TASK DIRECTIONS
For this exercise, repeat the whole listing below exactly. Leave the pictures out.

DATASET EXTRACT
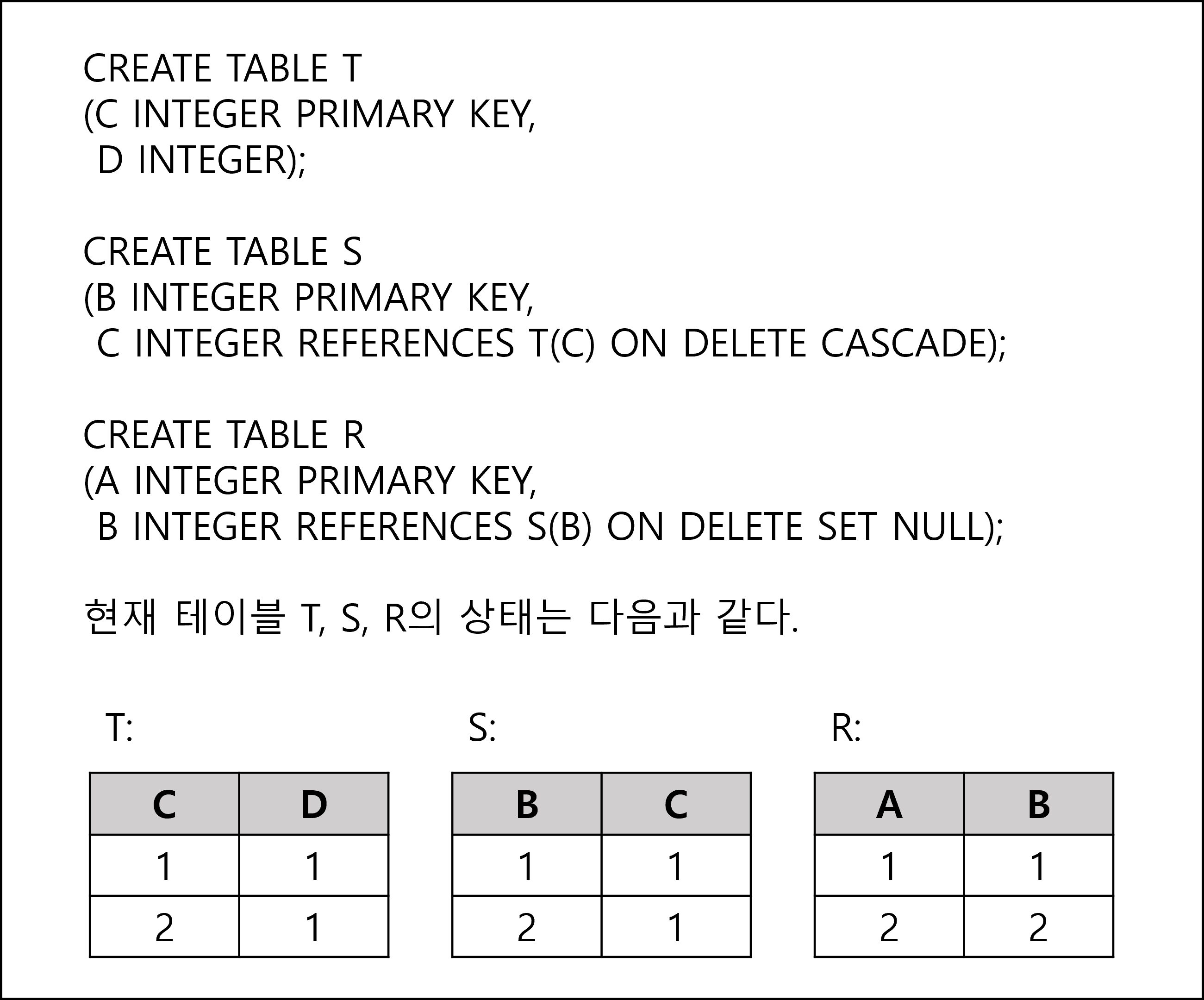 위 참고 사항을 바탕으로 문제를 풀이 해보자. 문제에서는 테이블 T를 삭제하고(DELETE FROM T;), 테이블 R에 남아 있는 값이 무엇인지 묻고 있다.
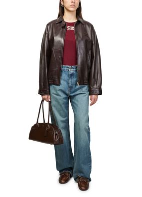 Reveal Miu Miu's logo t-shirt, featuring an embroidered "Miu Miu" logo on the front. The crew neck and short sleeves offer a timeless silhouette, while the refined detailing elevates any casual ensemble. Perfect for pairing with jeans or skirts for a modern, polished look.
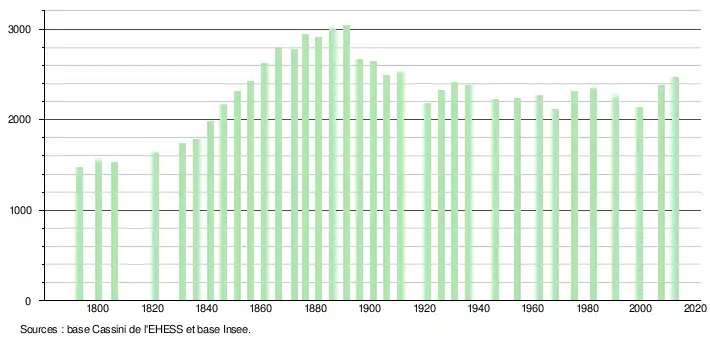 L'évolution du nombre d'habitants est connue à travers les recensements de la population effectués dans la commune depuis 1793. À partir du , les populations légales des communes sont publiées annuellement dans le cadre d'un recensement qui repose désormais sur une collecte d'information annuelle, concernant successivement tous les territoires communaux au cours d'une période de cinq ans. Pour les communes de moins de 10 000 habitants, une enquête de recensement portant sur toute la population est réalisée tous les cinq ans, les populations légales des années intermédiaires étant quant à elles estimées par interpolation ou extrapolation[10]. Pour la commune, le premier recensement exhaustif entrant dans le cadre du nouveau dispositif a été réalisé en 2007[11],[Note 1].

YOUR RESPONSE
 위 참고 사항을 바탕으로 문제를 풀이 해보자. 문제에서는 테이블 T를 삭제하고(DELETE FROM T;), 테이블 R에 남아 있는 값이 무엇인지 묻고 있다.
 Reveal Miu Miu's logo t-shirt, featuring an embroidered "Miu Miu" logo on the front. The crew neck and short sleeves offer a timeless silhouette, while the refined detailing elevates any casual ensemble. Perfect for pairing with jeans or skirts for a modern, polished look.
 L'évolution du nombre d'habitants est connue à travers les recensements de la population effectués dans la commune depuis 1793. À partir du , les populations légales des communes sont publiées annuellement dans le cadre d'un recensement qui repose désormais sur une collecte d'information annuelle, concernant successivement tous les territoires communaux au cours d'une période de cinq ans. Pour les communes de moins de 10 000 habitants, une enquête de recensement portant sur toute la population est réalisée tous les cinq ans, les populations légales des années intermédiaires étant quant à elles estimées par interpolation ou extrapolation[10]. Pour la commune, le premier recensement exhaustif entrant dans le cadre du nouveau dispositif a été réalisé en 2007[11],[Note 1].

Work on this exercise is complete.